*PROVIDED ENTRIES*:
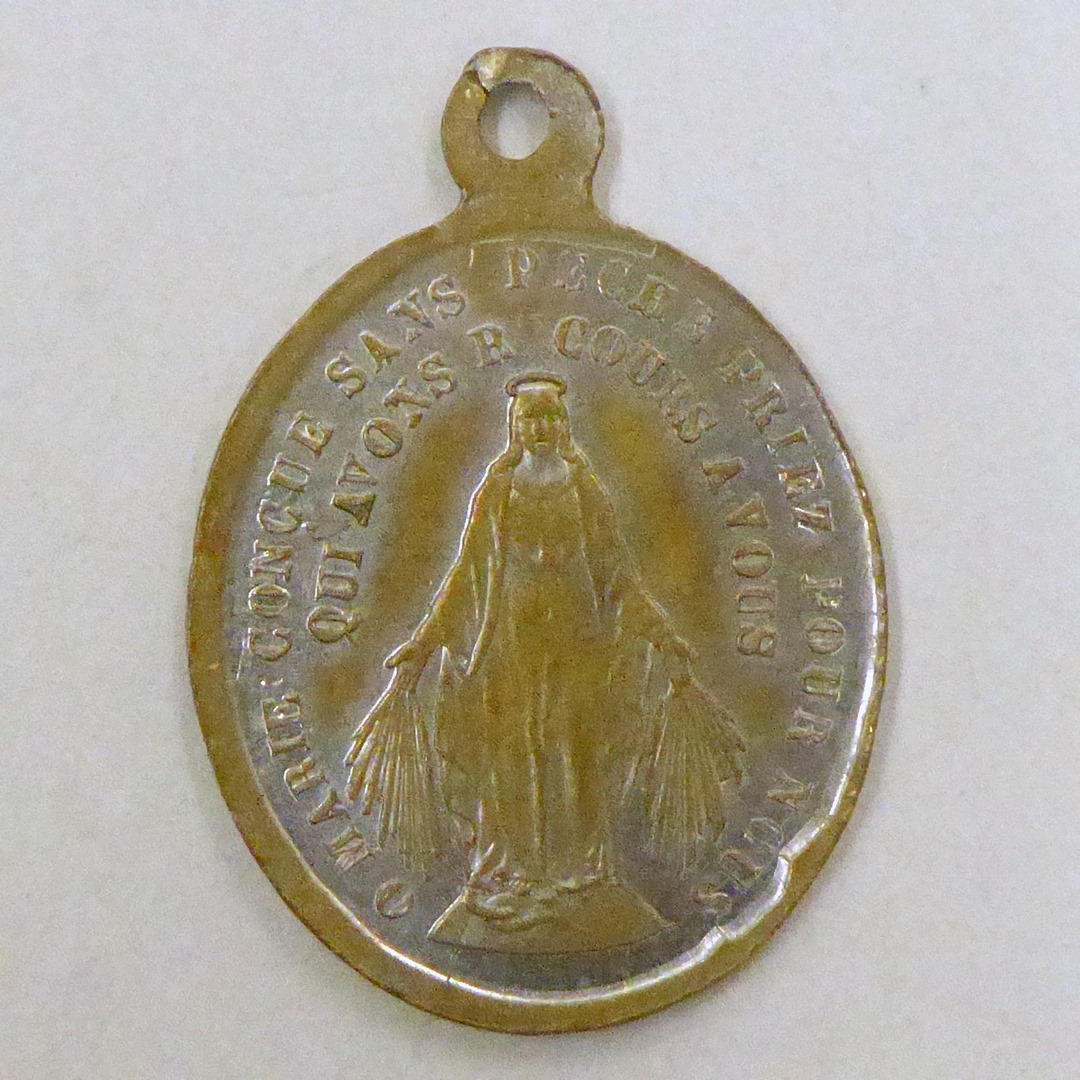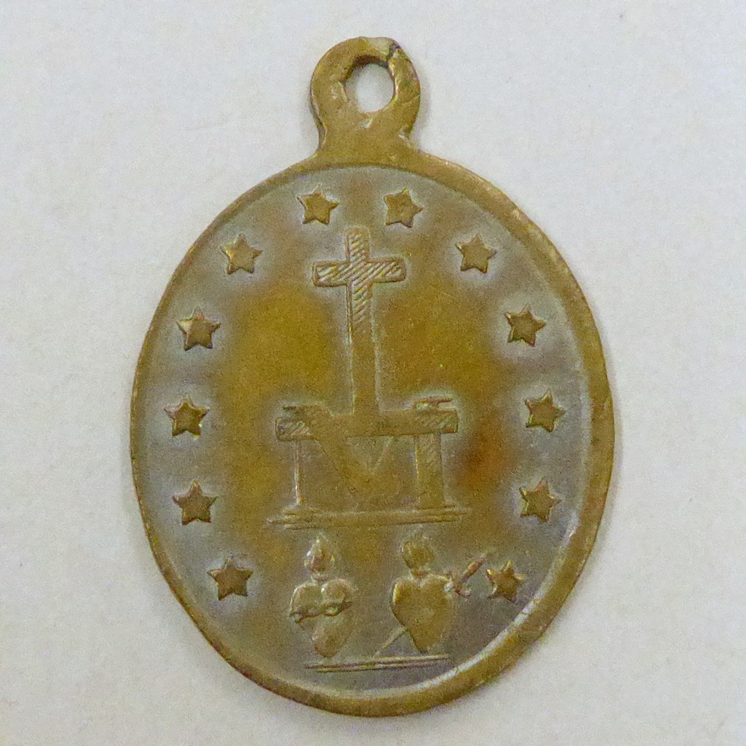 Draagpenning Maria van de Wonderdadige Medaille, kz. H. Harten van Maria en Jezus en monogram
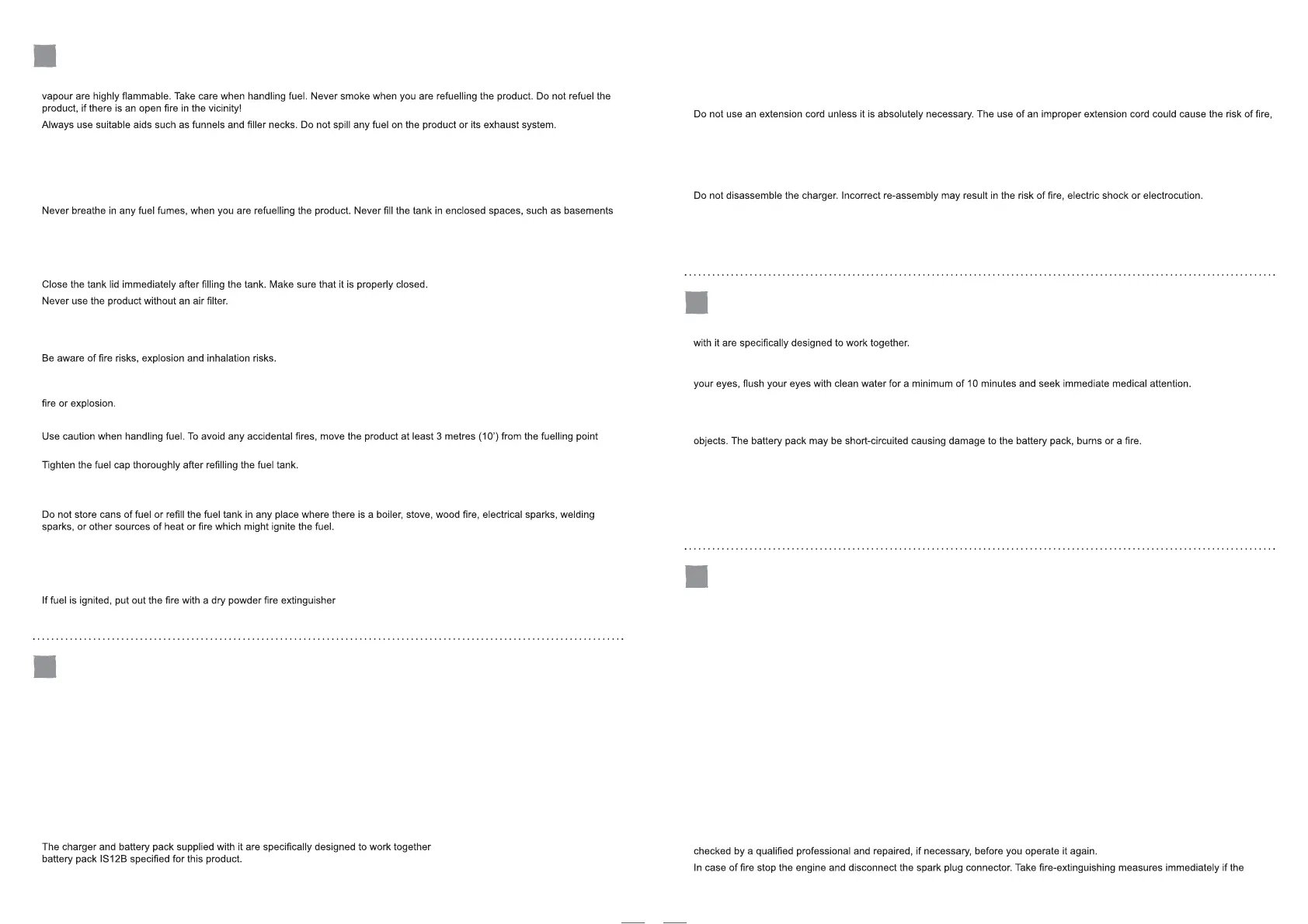 • If you have spilt fuel on yourself or on your clothes, change your clothes and wash any part of your body that has come in contact
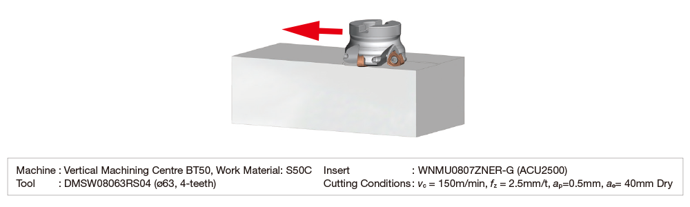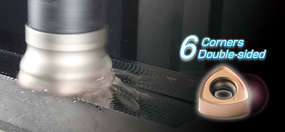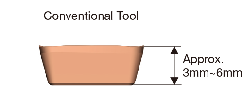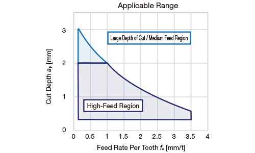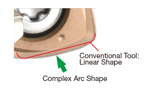 Complex arc-shaped cutting edge achieves a smaller cutting angle and a larger depth of cut simultaneously.High-efficiency machining at maximum feed rate per tooth of 3.5mm/t is possible.
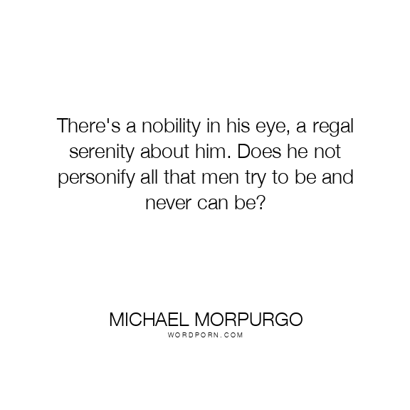 There's a nobility in his eye, a regal serenity about him. Does he not personify all that men try to be and never can be?
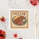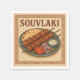 Square napkin design featuring traditional Greek souvlaki in a warm retro vintage style. Central illustration of grilled skewers with juicy marinated meat, char marks, pita bread, tomatoes, onions, and a small serving of tzatziki on the side. Mediterranean-inspired retro color palette: warm gold, cream, muted blue, terracotta, olive green. Light textured aged-paper background. Subtle Greek ornamental border resembling classic Hellenic meander patterns. Add elegant vintage typography: “Souvlaki”. Clean, appetizing, balanced composition, high-resolution for napkin printing.
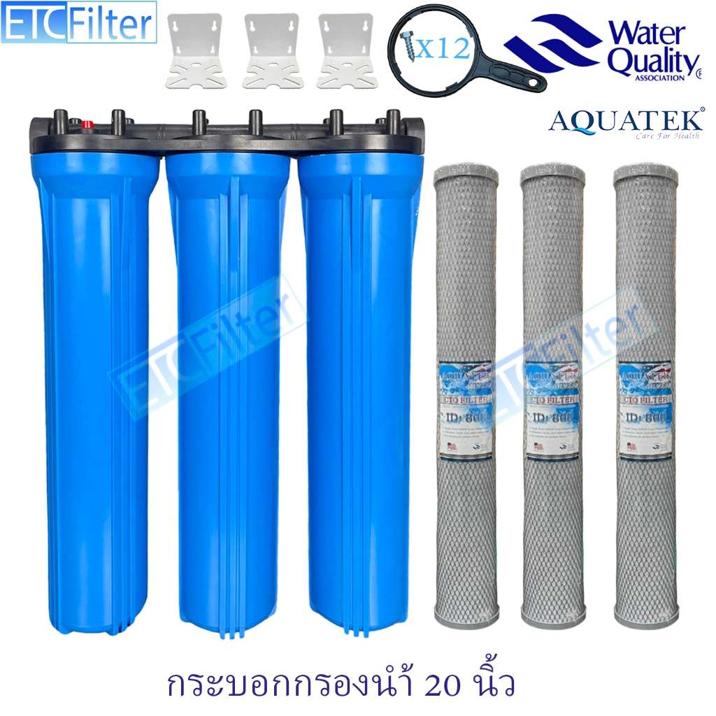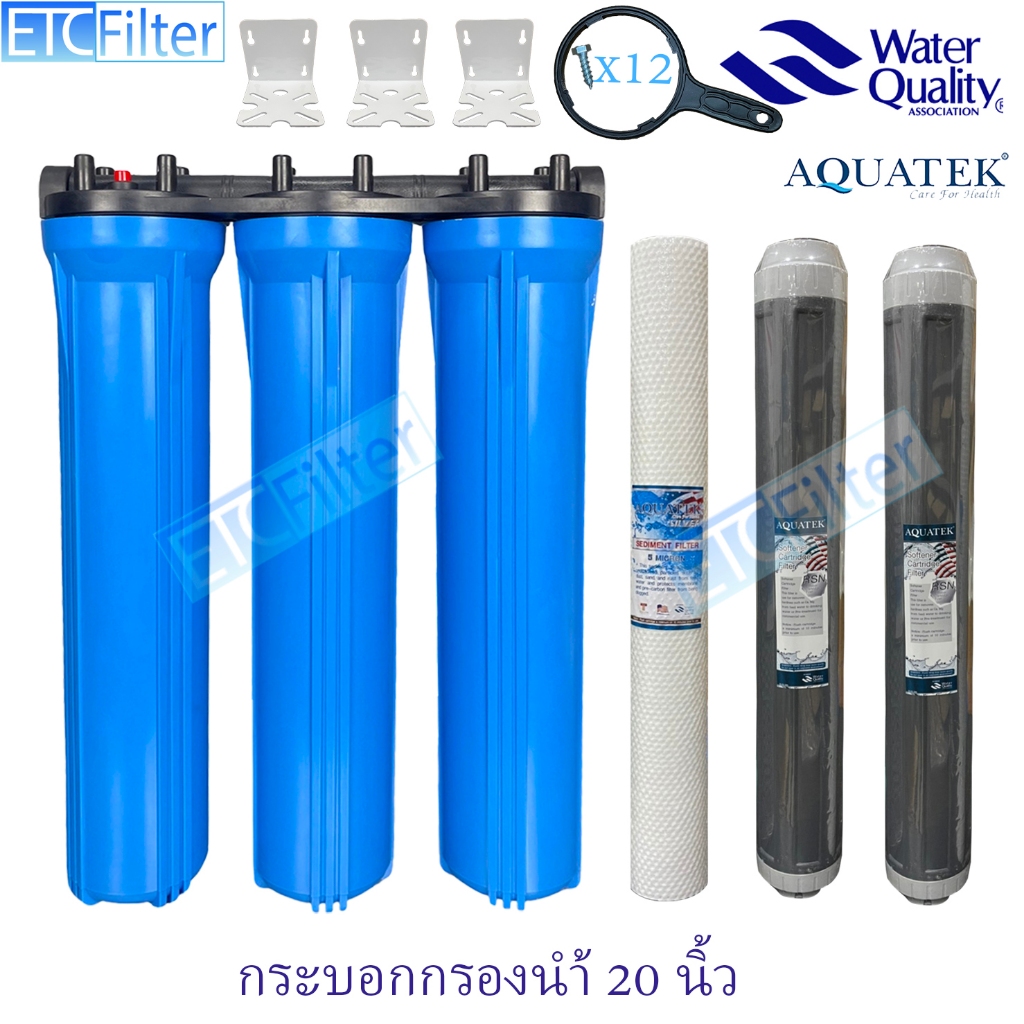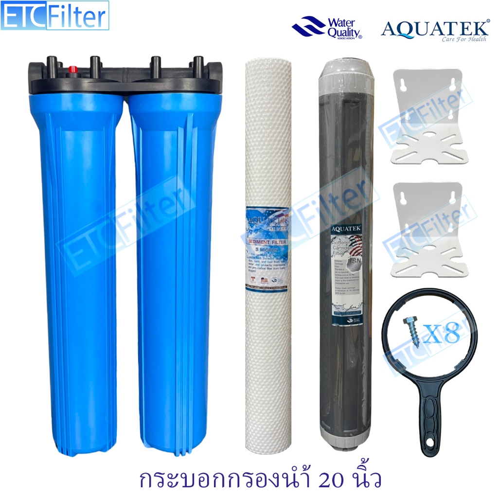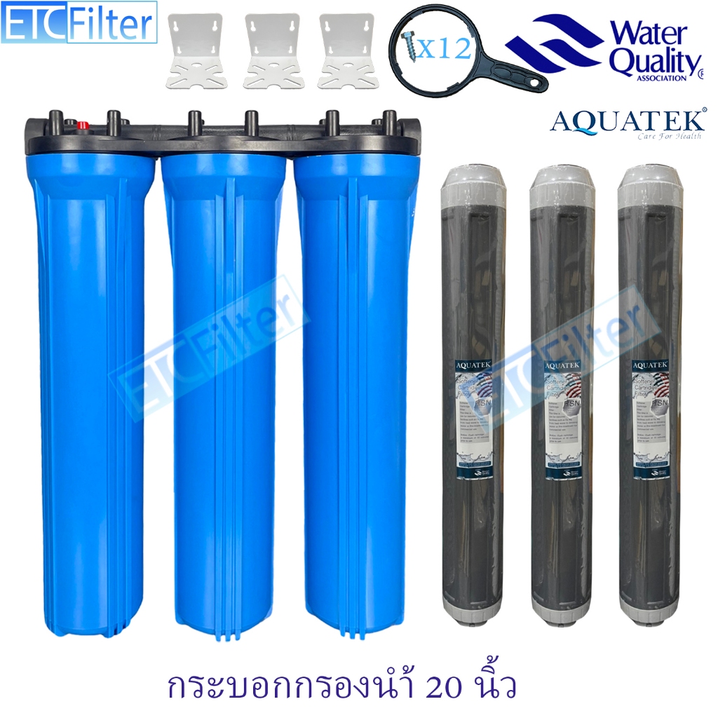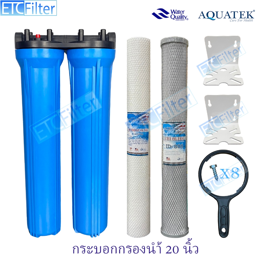 กระบอกกรองนำ้ใช้ ขนาด 20 นิ้ว 1-3 ขั้นตอน และ ไส้กรอง AQUATEK ขนาดรู 4หุน

*BRIEF*:
Your answer should copy the listing word for word, with no pictures in it.

*TASK OUTPUT*:
 Draagpenning Maria van de Wonderdadige Medaille, kz. H. Harten van Maria en Jezus en monogram
 • If you have spilt fuel on yourself or on your clothes, change your clothes and wash any part of your body that has come in contact
 Complex arc-shaped cutting edge achieves a smaller cutting angle and a larger depth of cut simultaneously.High-efficiency machining at maximum feed rate per tooth of 3.5mm/t is possible.
 There's a nobility in his eye, a regal serenity about him. Does he not personify all that men try to be and never can be?
 Square napkin design featuring traditional Greek souvlaki in a warm retro vintage style. Central illustration of grilled skewers with juicy marinated meat, char marks, pita bread, tomatoes, onions, and a small serving of tzatziki on the side. Mediterranean-inspired retro color palette: warm gold, cream, muted blue, terracotta, olive green. Light textured aged-paper background. Subtle Greek ornamental border resembling classic Hellenic meander patterns. Add elegant vintage typography: “Souvlaki”. Clean, appetizing, balanced composition, high-resolution for napkin printing.
 กระบอกกรองนำ้ใช้ ขนาด 20 นิ้ว 1-3 ขั้นตอน และ ไส้กรอง AQUATEK ขนาดรู 4หุน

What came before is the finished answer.